Schiere di fan in tutto il mondo riveriscono Dario Argento (o quanto meno l’Argento d’antan) come maestro del cinema del terrore. Tuttavia, da anni sbeffeggiare le sue produzioni recenti è diventata una pratica diffusa adottata da tanti critici e appassionati della settima arte. Non stupiscono i giudizi impietosi riservati a opere a volte assai modeste, ma è strano che lo stesso trattamento non sia offerto a registi “intoccabili” come ad esempio il compianto Lucio Fulci, ormai assurti allo status di cineasti di culto.
La fretta di rivalutare a priori il cinema di genere nostrano, deve aver fatto dimenticare che Fulci, autore nel campo del thriller horror di numerosi film memorabili (citiamo almeno “Non si sevizia un paperino”, “Zombi 2”, “E tu vivrai nel terrore! L’Aldilà”, “Quella villa accanto al cimitero”) ha diretto anche pellicole difficilmente difendibili quali “Quando Alice ruppe lo specchio”, “Demonia”, “Un gatto nel cervello”. Anche quelle, riscoperte e incensate con acrobazie verbali e sofismi sorprendenti.
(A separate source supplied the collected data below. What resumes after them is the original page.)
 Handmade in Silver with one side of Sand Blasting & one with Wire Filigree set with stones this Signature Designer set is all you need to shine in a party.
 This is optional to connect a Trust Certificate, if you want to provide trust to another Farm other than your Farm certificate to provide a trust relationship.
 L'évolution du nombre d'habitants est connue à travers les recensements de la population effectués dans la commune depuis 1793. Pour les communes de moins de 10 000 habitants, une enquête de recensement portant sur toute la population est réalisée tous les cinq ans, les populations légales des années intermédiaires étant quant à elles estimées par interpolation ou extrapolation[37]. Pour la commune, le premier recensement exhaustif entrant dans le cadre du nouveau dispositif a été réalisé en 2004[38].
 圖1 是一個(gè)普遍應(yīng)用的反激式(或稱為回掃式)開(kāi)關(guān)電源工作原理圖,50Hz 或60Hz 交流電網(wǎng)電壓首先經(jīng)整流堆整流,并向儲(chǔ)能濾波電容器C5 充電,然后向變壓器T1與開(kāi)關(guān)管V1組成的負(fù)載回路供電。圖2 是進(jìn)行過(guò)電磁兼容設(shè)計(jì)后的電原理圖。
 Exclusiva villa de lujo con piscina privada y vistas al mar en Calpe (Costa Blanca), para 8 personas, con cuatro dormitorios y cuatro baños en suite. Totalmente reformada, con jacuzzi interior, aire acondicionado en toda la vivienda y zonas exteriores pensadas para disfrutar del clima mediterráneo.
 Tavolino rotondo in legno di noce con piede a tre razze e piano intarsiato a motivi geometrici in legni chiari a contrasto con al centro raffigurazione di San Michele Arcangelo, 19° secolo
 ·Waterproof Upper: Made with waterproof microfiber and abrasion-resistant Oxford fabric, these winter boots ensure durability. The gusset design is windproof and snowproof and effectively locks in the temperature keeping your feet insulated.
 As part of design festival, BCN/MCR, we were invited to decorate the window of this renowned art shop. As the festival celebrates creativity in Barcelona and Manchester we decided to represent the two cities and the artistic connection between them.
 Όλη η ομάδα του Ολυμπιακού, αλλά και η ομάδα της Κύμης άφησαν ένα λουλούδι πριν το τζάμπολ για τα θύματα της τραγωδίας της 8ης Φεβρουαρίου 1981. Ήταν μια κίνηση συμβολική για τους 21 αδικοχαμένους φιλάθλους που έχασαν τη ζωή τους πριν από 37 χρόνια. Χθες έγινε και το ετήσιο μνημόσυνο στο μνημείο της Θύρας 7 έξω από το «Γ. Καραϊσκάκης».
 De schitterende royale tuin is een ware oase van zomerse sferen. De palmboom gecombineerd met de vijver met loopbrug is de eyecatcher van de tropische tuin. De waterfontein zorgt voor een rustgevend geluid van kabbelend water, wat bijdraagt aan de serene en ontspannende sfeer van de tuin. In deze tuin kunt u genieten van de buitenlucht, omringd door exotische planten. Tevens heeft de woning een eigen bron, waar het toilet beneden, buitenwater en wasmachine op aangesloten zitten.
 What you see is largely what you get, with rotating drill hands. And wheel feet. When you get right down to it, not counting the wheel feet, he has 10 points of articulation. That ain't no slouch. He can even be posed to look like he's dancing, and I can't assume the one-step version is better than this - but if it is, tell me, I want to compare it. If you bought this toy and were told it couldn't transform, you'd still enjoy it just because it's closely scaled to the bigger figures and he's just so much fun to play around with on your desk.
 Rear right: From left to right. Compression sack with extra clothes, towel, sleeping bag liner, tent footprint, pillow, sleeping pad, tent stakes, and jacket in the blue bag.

Simile atteggiamento prevenuto è stato riservato anche all’autobiografia di Dario Argento, con qualche recensione graffiante che non si è spinta oltre il sottolineare quanto Argento, figlio dei proprietari di un importante studio fotografico romano, frequentato dalle celebrità del cinema, abbia avuto la strada spianata nella sua carriera.
Per chi apprezza o per chi in passato ha apprezzato il regista, “Paura” è un libro intrigante, in cui gli aneddoti autobiografici sono sempre funzionali alla narrazione di una vita segnata da travolgente e tenace passione per il cinema.
Molte le chicche del testo: la capacità di Argento di utilizzare suggestioni, scorci, o ambienti che lo colpiscono; lui li “introietta”, li fissa nella memoria e, magari anche a distanza di anni, trova il modo di usarli costruendoci atmosfere o innestandoli in una sequenza di un film; il desiderio cinefilo di tributare omaggi ad alcune star del cinema di una volta, offrendo loro cammei nelle sue pellicole; la lucidità e la lungimiranza della messa in scena e della meccanica degli omicidi (intuizione del soggettista Bernardino Zapponi per “Profondo rosso”: “Disse che avremmo dovuto trovare soluzioni che il pubblico potesse comprendere dal punto di vista fisico, in modo immediato. Pochi spettatori possono sapere quali sensazioni dà un proiettile in pieno petto, o un coltello nello stomaco, ma il dolore provato sbattendo la testa, oppure ferendosi con uno spigolo acuminato, o ancora scottandosi con l’acqua bollente — erano tutte esperienze che chiunque avrebbe potuto ricondurre al proprio vissuto”).
Interessanti anche gli escamotage adottati per aggirare l’odiosa censura, ad esempio in “Suspiria”: “Appresi che in Germania era vietato girare un film con delle attrici minorenni… fui costretto ad alzare l’età delle giovani ballerine, che avrebbero avuto all’incirca fra i diciotto e i ventun anni, ma mantenni comunque degli elementi (nella scenografia e nel racconto vero e proprio) capaci di suggerire il fatto che i personaggi fossero molto più piccoli. Chiesi alle attrici di comportarsi come delle bambine, di battibeccare e farsi i dispetti davanti all’obiettivo, e scrissi alcune battute con un linguaggio volutamente infantile. Infine, ricorsi a un espediente che distorcesse la percezione del pubblico: per le scene ambientate nell’accademia di danza, feci costruire delle porte più grandi di quelle standard, con delle maniglie collocate molto in alto rispetto al normale. In questo modo, il punto di vista sarebbe stato quello di un bambino”.
Argento riporta aneddoti, non risparmia dettagli, cita le fonti da cui ha tratto ispirazione e dedica parecchie pagine soprattutto alle sue opere più riuscite; nondimeno, chi cerca spiegazioni a chissà quali sequenze dovrà rivolgersi altrove (i saggi sul regista non mancano). I fan, e chi, come il sottoscritto, ritiene doveroso tenere in palmo di mano il regista anche solo in quanto autore di gioielli come “L’uccello dalle piume di cristallo”, “Profondo rosso”, “Suspiria” e “Inferno”, saranno sicuramente soddisfatti. I passi falsi e gli scivoloni non sono mancati nella sua carriera, ma almeno i titoli sopracitati (ne aggiungeremmo altri) mantengono intatti il loro fascino morboso e inquietante e la loro forza visionaria.